In recent years, it has become clear that cannabis use during pregnancy can lead to unwanted developmental problems in a fetus. But now scientists believe that a father’s cannabis use can also be detrimental to a baby’s developmental health. Researchers have found that regular cannabis use can cause epigenetic changes to sperm that can have negative effects for developing babies.
A 2018 study published in the journal Schizophrenia Research found that a father’s secondhand smoke from cannabis consumption during a partner’s pregnancy was associated with more psychotic-like experiences for offspring compared to babies of fathers who did not use cannabis during this time.
The causality behind this association is unclear as secondhand cannabis smoke has been shown to induce little to no psychoactive effects in those who are in the same room as a smoking cannabis user but aren’t directly consuming the drug. A 2015 Journal of Analytical Toxicology study found that a nonsmoker would have to be confined in a small sealed chamber with no ventilation while a smoker continuously smoked flower for an hour to test positive for THC in a urine test.

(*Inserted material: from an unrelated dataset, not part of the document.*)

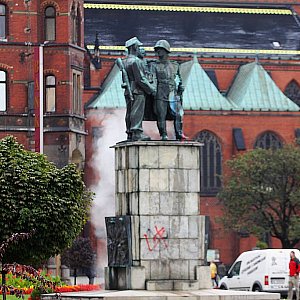 Zarzuty zdewastowania stalinowskiego monumentu usłyszeli już dwaj młodzi mężczyźni. Grozi im pięć lat odsiadki, ale w sądzie zapewne skończy się na finansowych grzywnach.

The mystery behind the association may have been solved if researchers had been able to identify which participants had used cannabis before conception and examine the quality of their sperm.
A 2020 study published in the journal Toxicological Sciences found that male rats injected with THC daily for a month produced offspring with brain developmental abnormalities. The offspring suffered from slowed development and permanent damage to neural pathways that are involved in learning, memory, reward and mood.
The next year, the head researcher of the 2020 study, Theodore Slotkin, published a paper in the same journal that found that the offspring of male rats exposed to cannabis smoke showed signs of impaired dopamine pathways, which would make them more susceptible to chemical dependency in their adult years.
Slotkin has suggested that the developmental abnormalities discovered in the rats’ offspring could be connected to persistent changes in gene methylation found in rats exposed to THC that alters genetic expression of sperm cells.
It’s still too early to tell if the same sort of effects are present in the offspring of human cannabis users without more clinical trials, but the results are still very disturbing.
A 2018 study out of Duke University Medical Center published in the journal Epigenetics also found that cannabis use affected the genetic profile in sperm resulting in nonviable embryos. “In the absence of a larger, definitive study, the best advice would be to assume these changes are going to be there,” said the study’s lead author Susan K. Murphy “We don’t know whether they are going to be permanent. I would say, as a precaution, stop using cannabis for at least six months before trying to conceive.”